Could Detroit Host Another Super Bowl?

facebooktwitterreddit

Photo Credit: Raj Mehta-USA TODAY Sports

Prior to Super Bowl XLVII I was thinking back to the week leading up to Super Bowl XL and hoped that the Super Bowl would one day return to Detroit. The Motor City will never be in the league’s preferred rotation of New Orleans, South Florida and Arizona, but it would be nice to know that hosting Super Bowl XL was more than a token gesture to help get Ford Field built.

Maybe it is naive to believe, or even hope, that Detroit has a chance to host a future Super Bowl without the allure of a new stadium. After all, the NFL employs two powerful tactics when trying to get public money to finance stadium construction or major renovation projects: the threat of relocation and the Super Bowl.

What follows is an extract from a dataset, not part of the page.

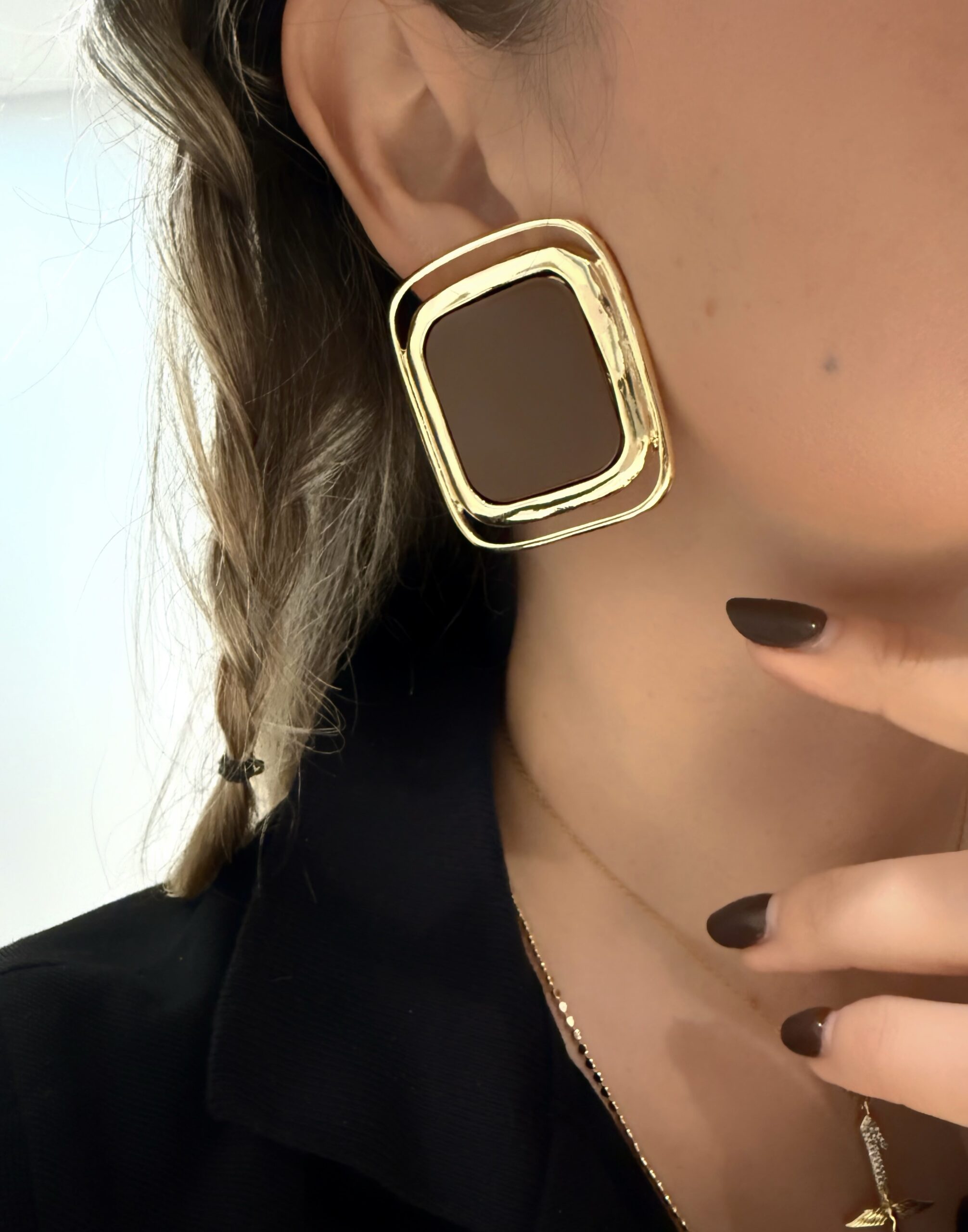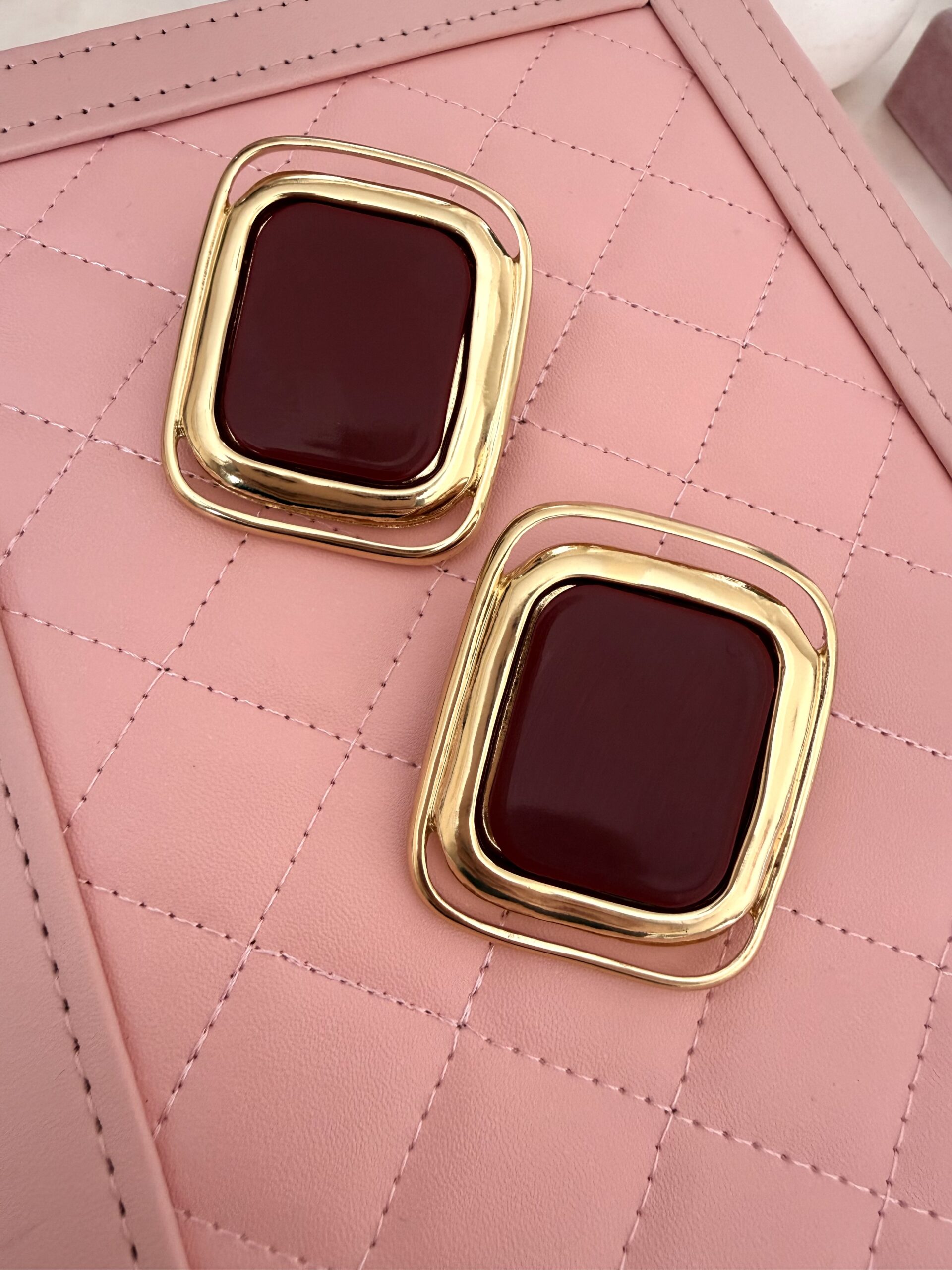 Gold Çerçeve Kare Küpe

Future Super Bowls will be spread between cities that see sun in early February and those that undertake large stadium projects. That seems to leave Detroit out in the cold.

The possibility of Detroit hosting another Super Bowl was among the topics Tom Lewand commented on yesterday. Here is the meat courtesy of Dave Birkett of the Detroit Free Press:

"I think that that’s something that has really become more of a community effort and a regional effort than it was when we hosted in 2006. Is that something that we would be interested in participating in if the community was interested? Absolutely. But again, there’s a lot of work that would have to be done on that front. There’s a lot of commitments that are out there already for Super Bowls and ones where new stadiums are coming online, where those communities are going to really be interested and I would think the NFL would be interested in treating them much as we were treated back in ’06."

I tend to be an optimistic person but I’m not reading the quote and finding much to grasp on to believe another Super Bowl is coming to Detroit any time soon. Super Bowl hosts have already been awarded through 2016 and Detroit is not being considered for the 2017 and 2018 Super Bowls that will be awarded this spring. If you’re looking for Detroit to make a bid for 2018, consider that the new stadium in Minneapolis would likely be given preference. That being the case, how favorably would the NFL view two Super Bowls in cold weather cities within even a few years of each other? Not very.

Lewand’s comments make it obvious that any future effort to land a Super Bowl will have to be community-driven. Detroit has a lot of issues to worry about attention can be diverted to chasing a Super Bowl.

Is there a chance Detroit hosts a Super Bowl in the next decade? Never say never but to me, it looks like a Lloyd Christmas type chance than something the fine people of Southeast Michigan should start anticipating.